■ **Data to examine**
○ ○ ○
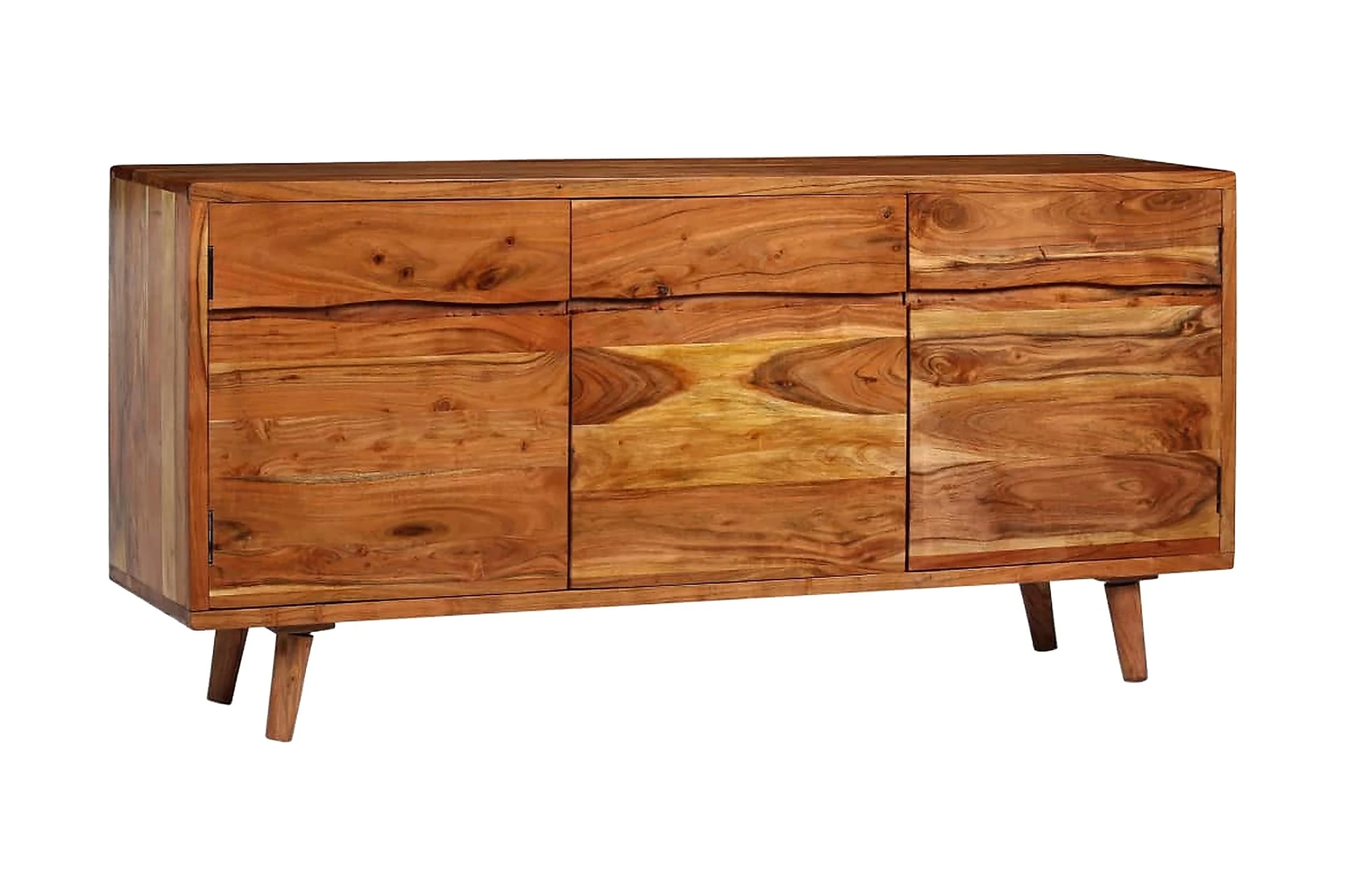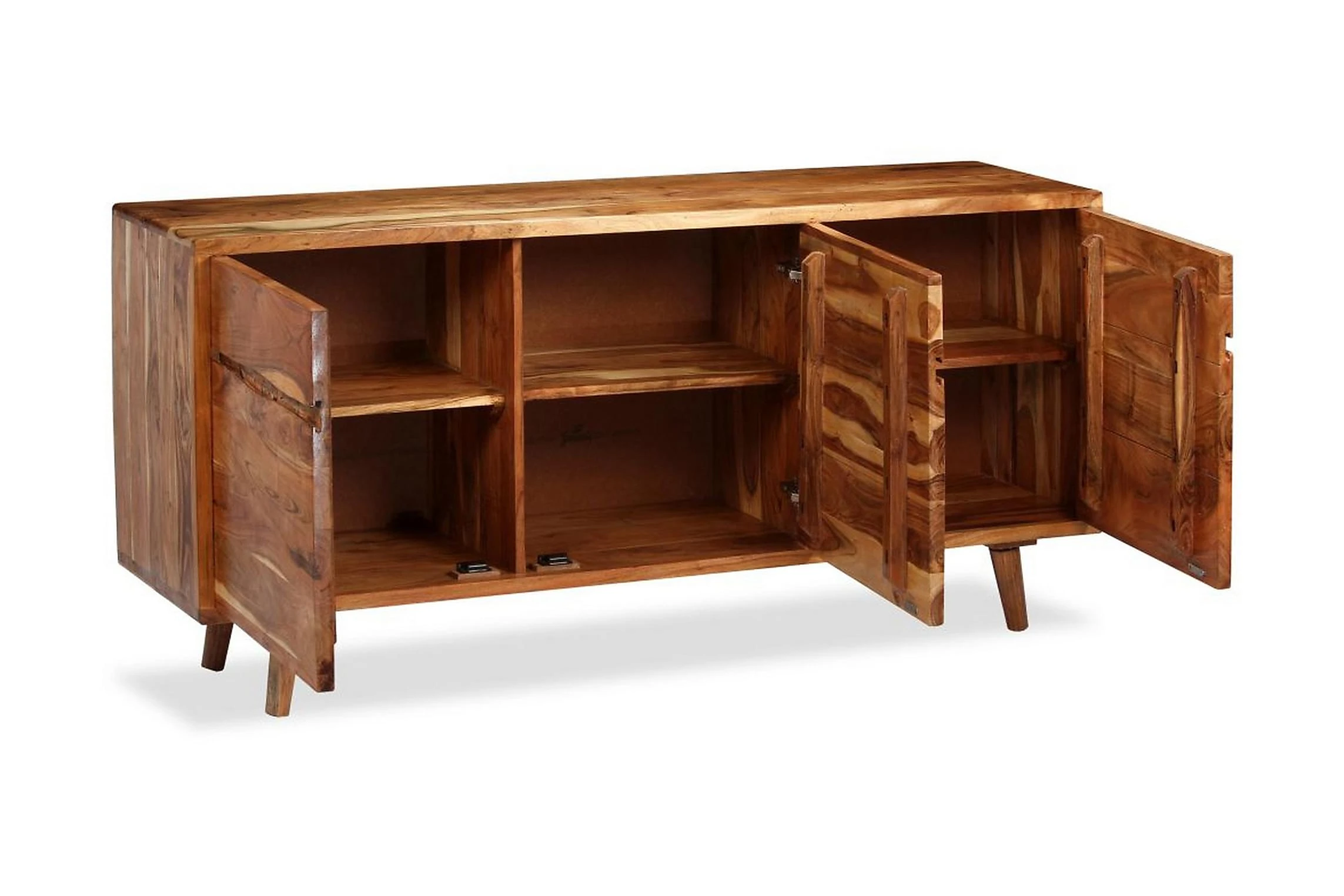 Skänken är tillverkad i massivt akaciaträ som har belagts med en vacker ytbehandling genom polering, målning och lackering för att få en elegant färg. Detta skåp är helt handgjort och de vackra träådringarna gör varje möbel unik. Skänken har en robust och stabil ovansida där du kan ställa dina vaser, fruktkorgar eller andra dekorativa föremål. Denna skänk har 3 skåp med snidade dörrar, som har gott om utrymme för att hålla tidskrifter, böcker och andra föremål inom räckhåll. Monteringen är enkel.
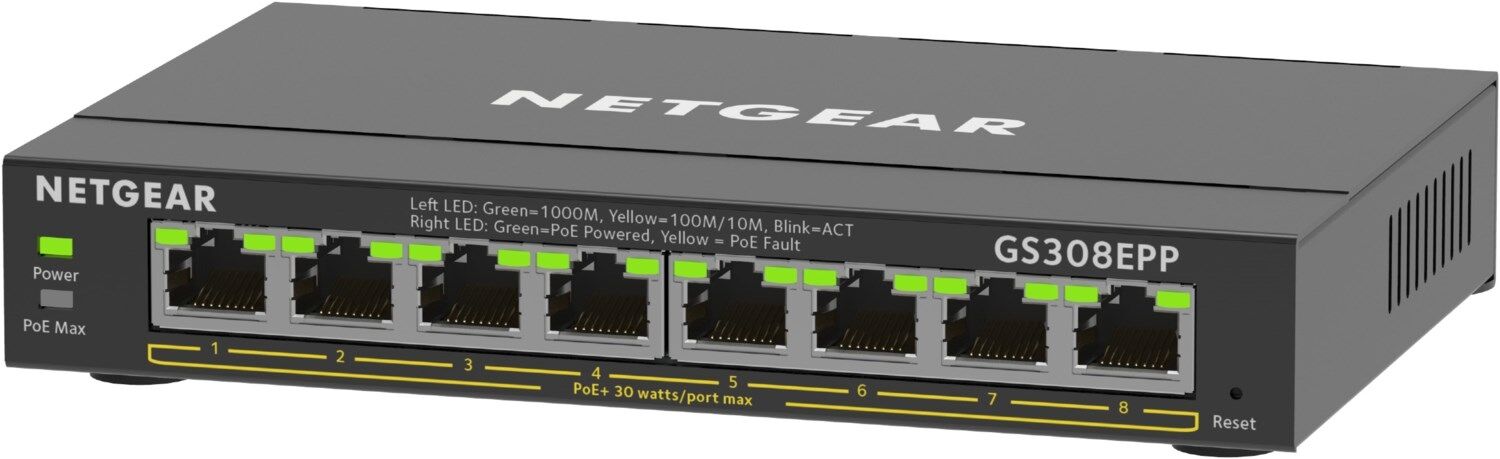 Einfach zu verwalten, grundlegende Netzwerkfunktionen zu einem erschwinglichen Preis für KMUs. GS308EPP bietet ein Gesamtbudget von 123W für die Stromversorgung von PoE-Geräten wie VoIP-Telefonen, IP-Kameras, WLAN-Zugangspunkten usw..
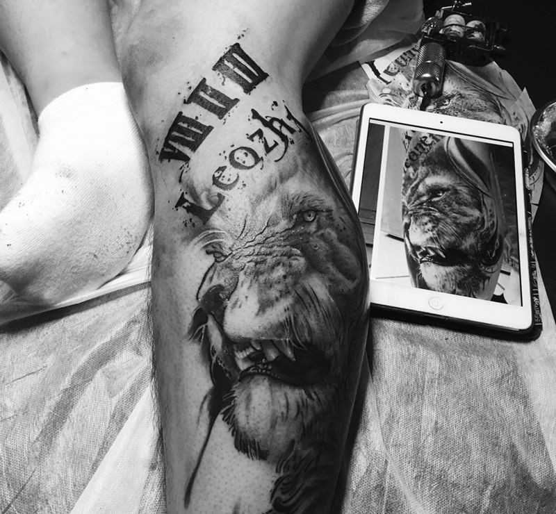 当前位置: 首页 >上海市纹身店-上海任刺青纹身工作室纹身图案>写实狮子纹身图片_成品腿部写实原创纹身图案
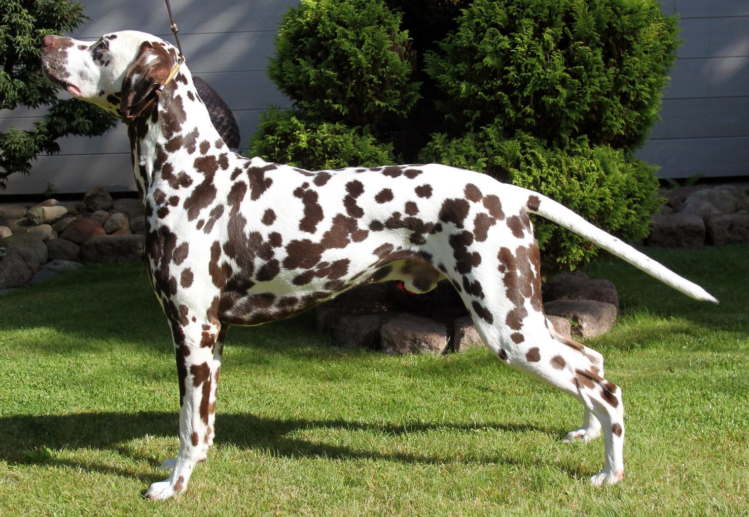 Kopf mesozephal, prismatischer Form mit Hängeohren. Der Körper ist rechteckig, kräftig, muskulös und charakteristisch markant getupft. Die Bewegung muss elegant sein. Die Geschlecht Differenz muss erkennbar sein.
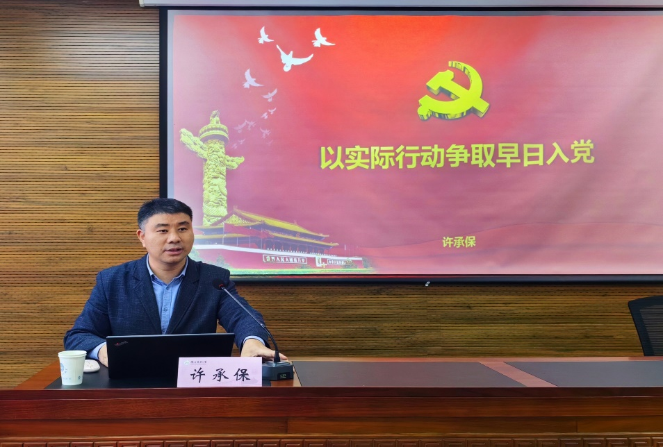 许承保以“用实际行动争取早日入党”为题为学员们讲授开班第一课暨辅导报告。通过回顾党的百年历史,阐述了中国共产党人的初心和使命,并引入“我们为什么要入党”这个问题,要求同学端正入党动机。报告详细介绍了中国共产党的使命任务和习近平总书记对广大青年提出的殷切希望。许承保激励同学们,要进一步加深对中国共产党的认识,坚定理想信念,提升党性修养,以实际行动争取早日入党。
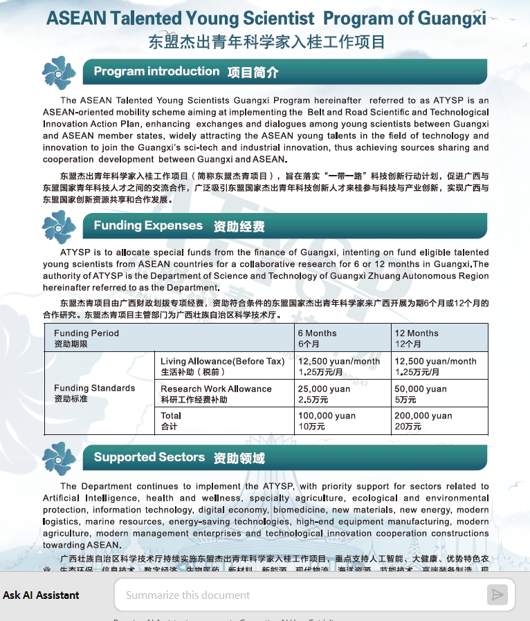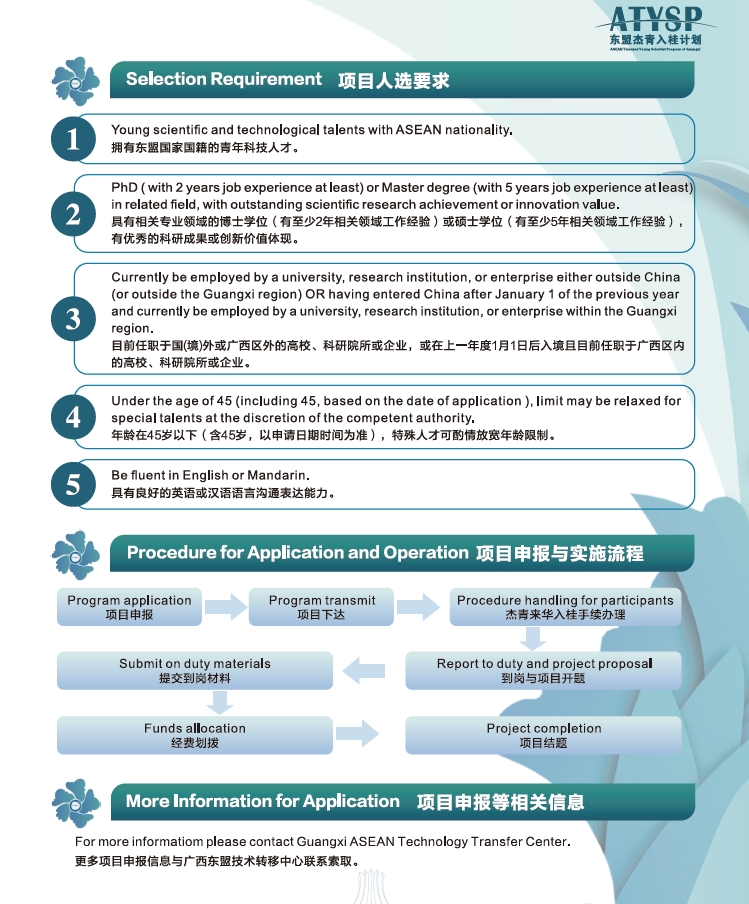 สถานเอกอัครราชทูตไทย ณ กรุงปักกิ่ง ประชาสัมพันธ์ โครงการ ASEAN Talented Young Scientist Program of Guangxi (ATYSP) ดำเนินโครงการโดยDepartment of Science and Technology of Guangxi Zhuang Autonomous Region) สาธารณรัฐประชาชนจีน โครงการมีวัตถุประสงค์เพื่อส่งเสริมการแลกเปลี่ยนบุคลากรด้านวิทยาศาสตร์และเทคโนโลยีระหว่างกว่างซีและประเทศสมาชิกอาเซียน ภายใต้แผนปฏิบัติการนวัตกรรมวิทยาศาสตร์และเทคโนโลยี "หนึ่งแถบหนึ่งเส้นทาง" (Belt and Road) ผู้ที่ได้รับการคัดเลือกให้เข้าร่วมโครงการจะได้เข้าร่วมปฏิบัติงานวิจัยร่วม ณ เขตกว่างซีจ้วง เป็นระยะเวลา 6 เดือน หรือ 12 เดือน โดยมีรายละเอียดสังเขป ดังนี้
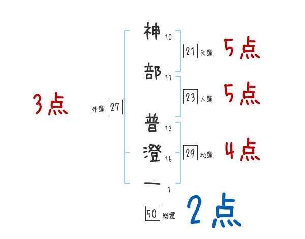 人運![]() | 神部普澄一さんの人運は23画の5つ星!想像力に優れ活力がある。一代で成功し名誉を手に入れる。 性格や才能などを表す2番目に重要な運勢です。人間関係や協調性、社会的な成功に影響します。主に20歳から50歳ぐらいまでの中年期の運勢を表します。 |
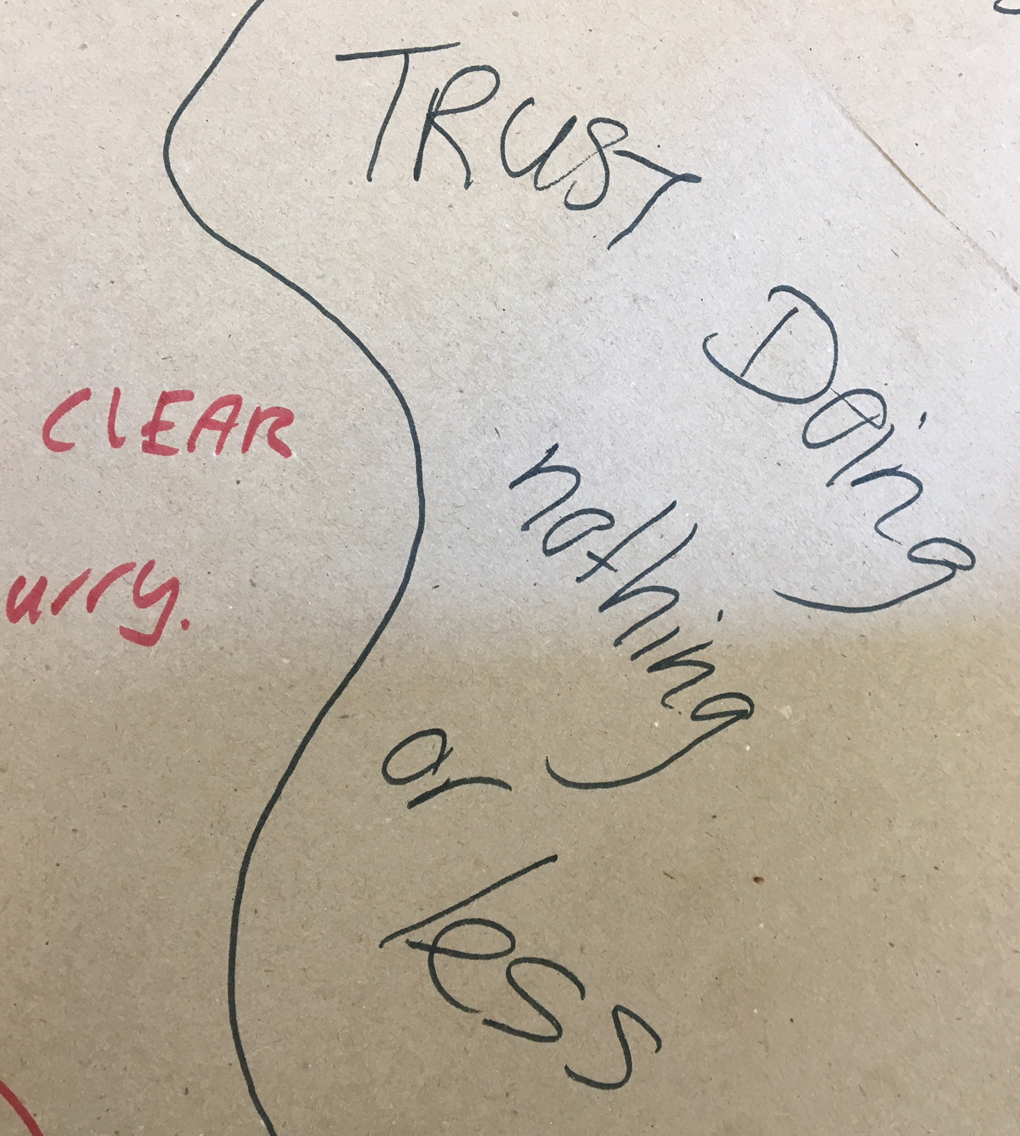 As we improvisationally organized our improvisational festival, we added a threshold of simplicity of 10 minutes between each block of activity. It was a reminder to trust the simplicity, trust the doing of little, the small repetitions, not producing, not getting louder or more active.
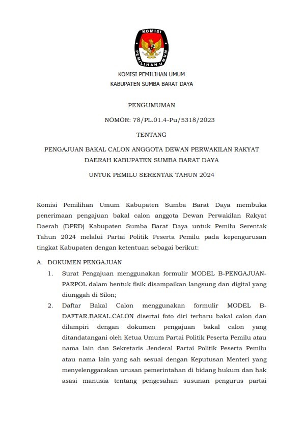 Bahwa berdasarkan Pasal 12 Peraturan Komisi Pemilihan Umum Nomor 15 Tahun 2023 tentang Kampanye Pemilihan Umum, Maka Komisi Pemilihan Umum Kabupaten Sumba Barat Daya mengumumkan Tim Kampanye Pasangan Calon Presiden dan Wakil Presiden Tingkat Kabupaten Manggarai Barat untuk Pasangan Calon:
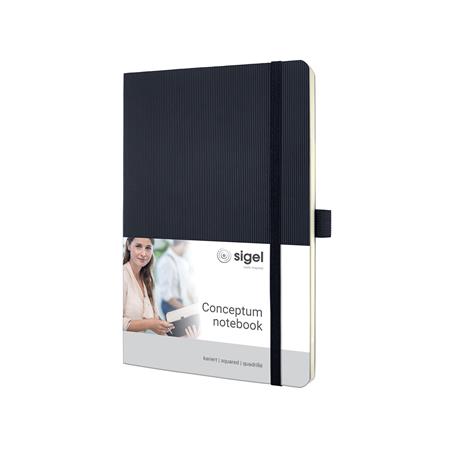 Jegyzetfüzet, exkluzív, A5, kockás, 97 lap, puhafedeles, SIGEL "Conceptum", fekete
○ ○ ○
■ **What is needed**
Take the lines above from the top of the records through the one with "สถานเอกอัครราชทูตไทย ณ กรุงปักกิ่ง" and repeat them exactly, without any pictures.

■ **Solution to this task**
 Skänken är tillverkad i massivt akaciaträ som har belagts med en vacker ytbehandling genom polering, målning och lackering för att få en elegant färg. Detta skåp är helt handgjort och de vackra träådringarna gör varje möbel unik. Skänken har en robust och stabil ovansida där du kan ställa dina vaser, fruktkorgar eller andra dekorativa föremål. Denna skänk har 3 skåp med snidade dörrar, som har gott om utrymme för att hålla tidskrifter, böcker och andra föremål inom räckhåll. Monteringen är enkel.
 Einfach zu verwalten, grundlegende Netzwerkfunktionen zu einem erschwinglichen Preis für KMUs. GS308EPP bietet ein Gesamtbudget von 123W für die Stromversorgung von PoE-Geräten wie VoIP-Telefonen, IP-Kameras, WLAN-Zugangspunkten usw..
 当前位置: 首页 >上海市纹身店-上海任刺青纹身工作室纹身图案>写实狮子纹身图片_成品腿部写实原创纹身图案
 Kopf mesozephal, prismatischer Form mit Hängeohren. Der Körper ist rechteckig, kräftig, muskulös und charakteristisch markant getupft. Die Bewegung muss elegant sein. Die Geschlecht Differenz muss erkennbar sein.
 许承保以“用实际行动争取早日入党”为题为学员们讲授开班第一课暨辅导报告。通过回顾党的百年历史,阐述了中国共产党人的初心和使命,并引入“我们为什么要入党”这个问题,要求同学端正入党动机。报告详细介绍了中国共产党的使命任务和习近平总书记对广大青年提出的殷切希望。许承保激励同学们,要进一步加深对中国共产党的认识,坚定理想信念,提升党性修养,以实际行动争取早日入党。
 สถานเอกอัครราชทูตไทย ณ กรุงปักกิ่ง ประชาสัมพันธ์ โครงการ ASEAN Talented Young Scientist Program of Guangxi (ATYSP) ดำเนินโครงการโดยDepartment of Science and Technology of Guangxi Zhuang Autonomous Region) สาธารณรัฐประชาชนจีน โครงการมีวัตถุประสงค์เพื่อส่งเสริมการแลกเปลี่ยนบุคลากรด้านวิทยาศาสตร์และเทคโนโลยีระหว่างกว่างซีและประเทศสมาชิกอาเซียน ภายใต้แผนปฏิบัติการนวัตกรรมวิทยาศาสตร์และเทคโนโลยี "หนึ่งแถบหนึ่งเส้นทาง" (Belt and Road) ผู้ที่ได้รับการคัดเลือกให้เข้าร่วมโครงการจะได้เข้าร่วมปฏิบัติงานวิจัยร่วม ณ เขตกว่างซีจ้วง เป็นระยะเวลา 6 เดือน หรือ 12 เดือน โดยมีรายละเอียดสังเขป ดังนี้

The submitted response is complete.